#### [Task inputs]
■ ■ ■ ■ ■ ■ ■
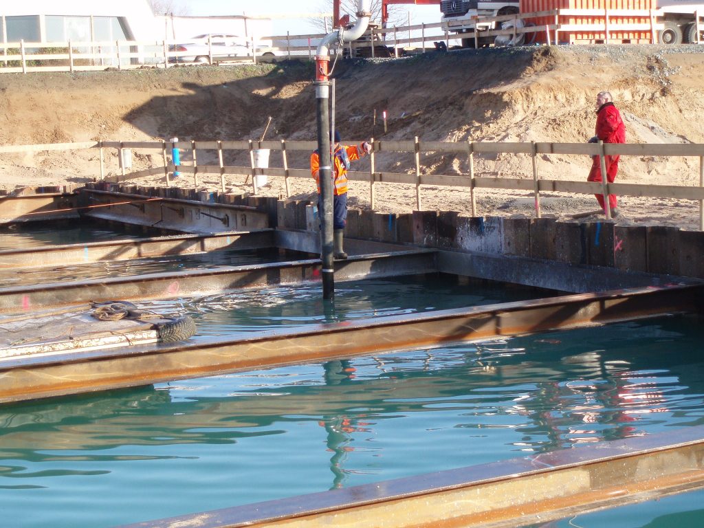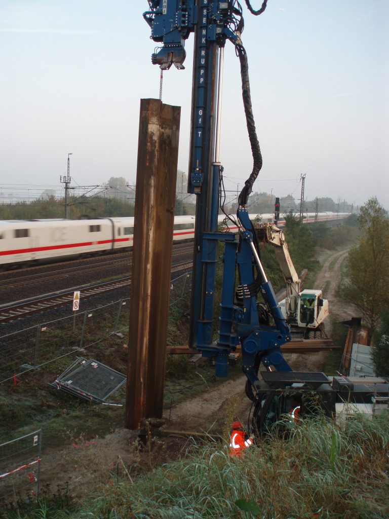 Trinkwasserleitung Berkach-Büttelborn, Durchpressung der DB-Strecke 4010: Einbringen des wasserdichten Verbaus (2010)
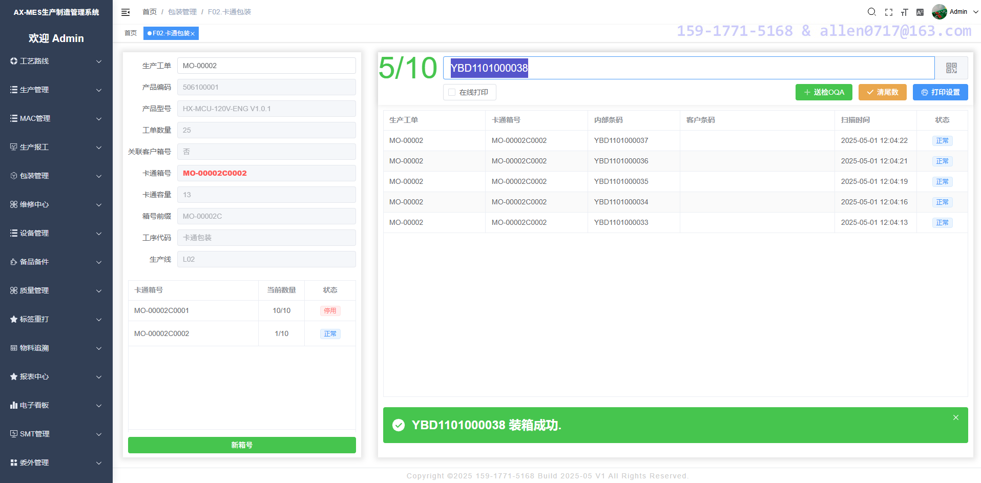根据产品编码定义包装规则,包括每一个卡通箱的包装容量,包装完成之后系统自动在线打印卡通标签。
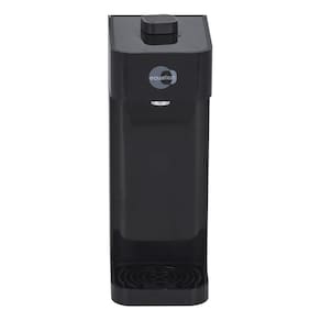 Purificador de água com design moderno na cor preta. Opera sem energia elétrica, utilizando sistema de filtragem por pressão. Retém partículas de Classe C e reduz cloro livre. Refil compatível JOE C3 com vida útil de 12 meses. Não possui eficiência bacteriológica.Função retrolavagem
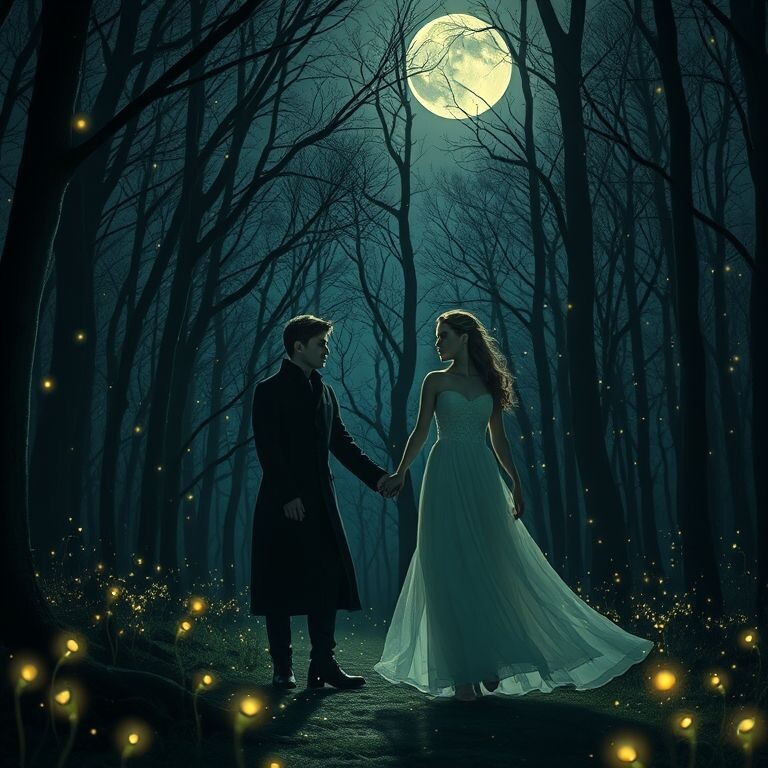 Светлячки вдруг начали двигаться иначе, теперь они выстраивались в дорожку, ведущую вглубь чащи. Казалось, сама ночь указывала им направление. Марсель вздрогнул, но Клара уверенно пошла вперёд, а он, очарованный и напуганный одновременно, последовал за ней.
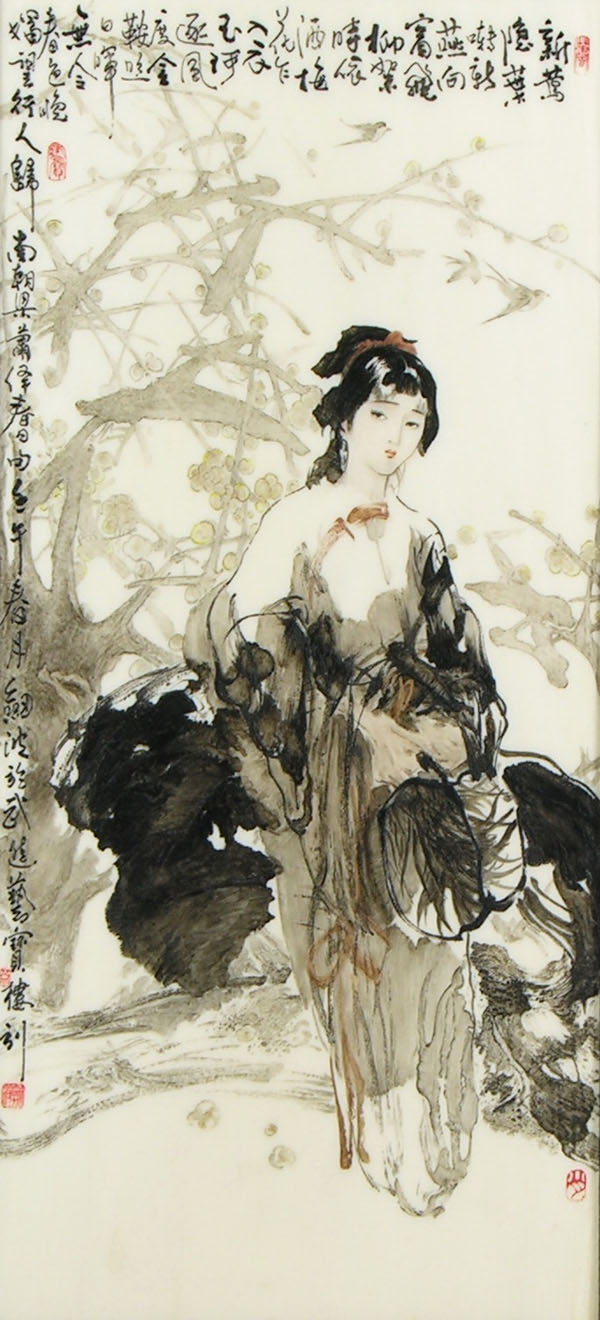 5 牙刻《蕭繹詩意圖》這是一幅充滿詩情畫意離愁別緒的現(xiàn)代水墨牙刻作品。運(yùn)用多種牙刻手法,極盡寫意人物畫之韻味,用刻刀刻出大寫意潑墨、積墨、彩墨以及水淋淋的滋潤感,在作品中得以淋漓盡致的彰現(xiàn)。以簡勝繁,簡而精妙,簡而品高,刀法簡而意境深遂,把少婦春日盼歸人的離愁別緒刻劃得愈加含情脈脈、楚楚動人,給人以無限的遐思,滿腹的風(fēng)情。
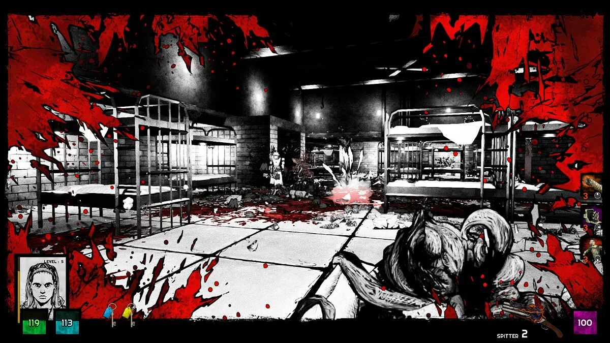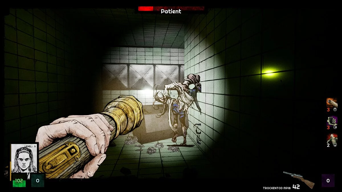 Если персонаж шустро отстреливает врагов одного за другим, уровень безумия растёт. Чем он выше, тем больше урона наносят выстрелы и тем быстрее перезаряжаются расходники. Минус разве что в искажённой картинке, сквозь которую сложнее разглядеть противников. Впрочем, выгода несоизмеримо больше, так что изменившийся визуал не напрягает.
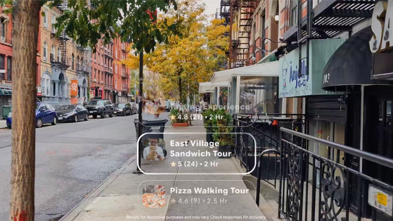 首先是与旅行体验平台 Get Your Guide 的合作。一位名叫 Rose 的“职业游客”戴着 AI 眼镜在纽约进行了一场美食之旅。她通过语音询问眼镜“附近有什么 Get Your Guide 的美食团?”,然后根据眼镜的指引找到集合点。在品尝美食和与团友互动时,她只需用语音说“拍张照片”,眼镜就能立即拍下合影。期间,当导游提出“热狗算不算三明治”这个经典问题时,Rose 直接向眼镜发问,Gemini 给出了一段关于面包知识的回答。
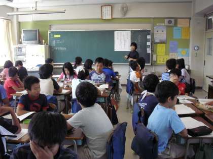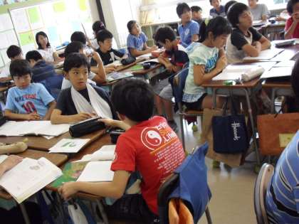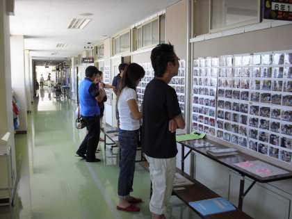 6年生は、“国語科:未来の学校”について調べて、グループのまとめをして、発表会への準備・・・。廊下の夏休み自由研究や日光移動教室の写真を保護者の方にご覧いただきました。
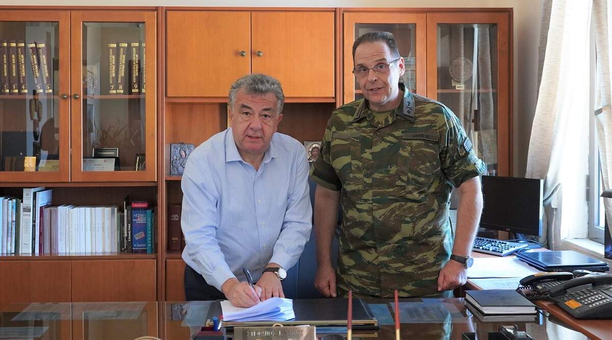 Την προγραμματική σύμβαση προϋπολογισμού 100.000 ευρώ για την υλοποίηση του έργου «Διαμόρφωση υφιστάμενου κτηρίου ΣΕΑΠ σε δομή φιλοξενίας στρατιωτικού προσωπικού» συνυπέγραψαν σήμερα ο Περιφερειάρχης Κρήτης Σταύρος Αρναουτάκης και ο Ανώτερος Διοικητής Φρουράς Ηρακλείου-Διοικητής Σχολής Εφέδρων Αξιωματικών Πεζικού (ΣΕΑΠ) Στέφανος Σίμος.
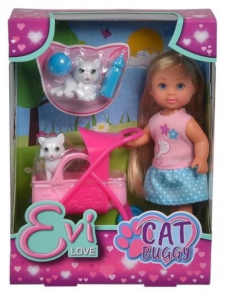 Panenka Evička s kočárkem pro kočičky Krásná panenka Evička se 2 roztomilými kočičkami a kočárkem. Evička může odejmout z kočárku košík pro svoje kočičky. Na k...
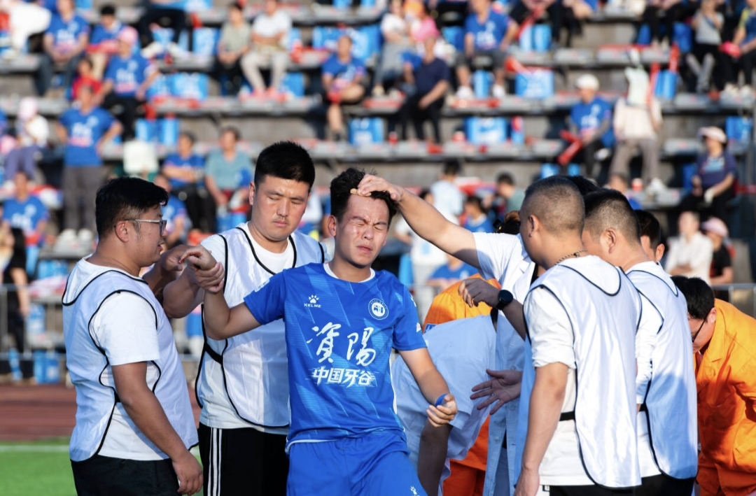 这份热爱,同样藏在肖逸飞拼抢后渗血的额头里,藏在门将甘羽飞身扑球的果敢里,藏在李鹏程顶着绷带上场的坚持里,藏在45岁的王雷奋力奔跑的身影里,也藏在张野流着鼻血仍追逐足球的执着里……
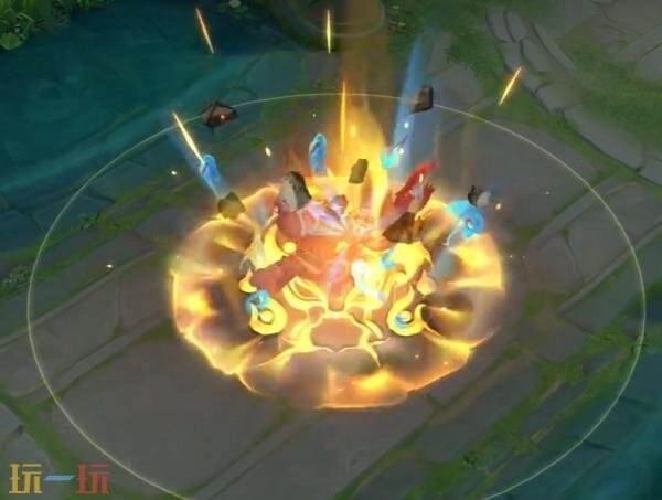 被动技能:能量满蓄,盘古身后凌空幻化出一双手持英歌槌的巨臂。每次敲击皆伴随纹样与火焰飞旋而出。
■ ■ ■ ■ ■ ■ ■
In the listing above, find the line with "根据产品编码定义包装规则,包" and the line with "Purificador de água". Copy both of them and every line between, exactly, but not the pictures.

#### [Task response]
根据产品编码定义包装规则,包括每一个卡通箱的包装容量,包装完成之后系统自动在线打印卡通标签。
 Purificador de água com design moderno na cor preta. Opera sem energia elétrica, utilizando sistema de filtragem por pressão. Retém partículas de Classe C e reduz cloro livre. Refil compatível JOE C3 com vida útil de 12 meses. Não possui eficiência bacteriológica.Função retrolavagem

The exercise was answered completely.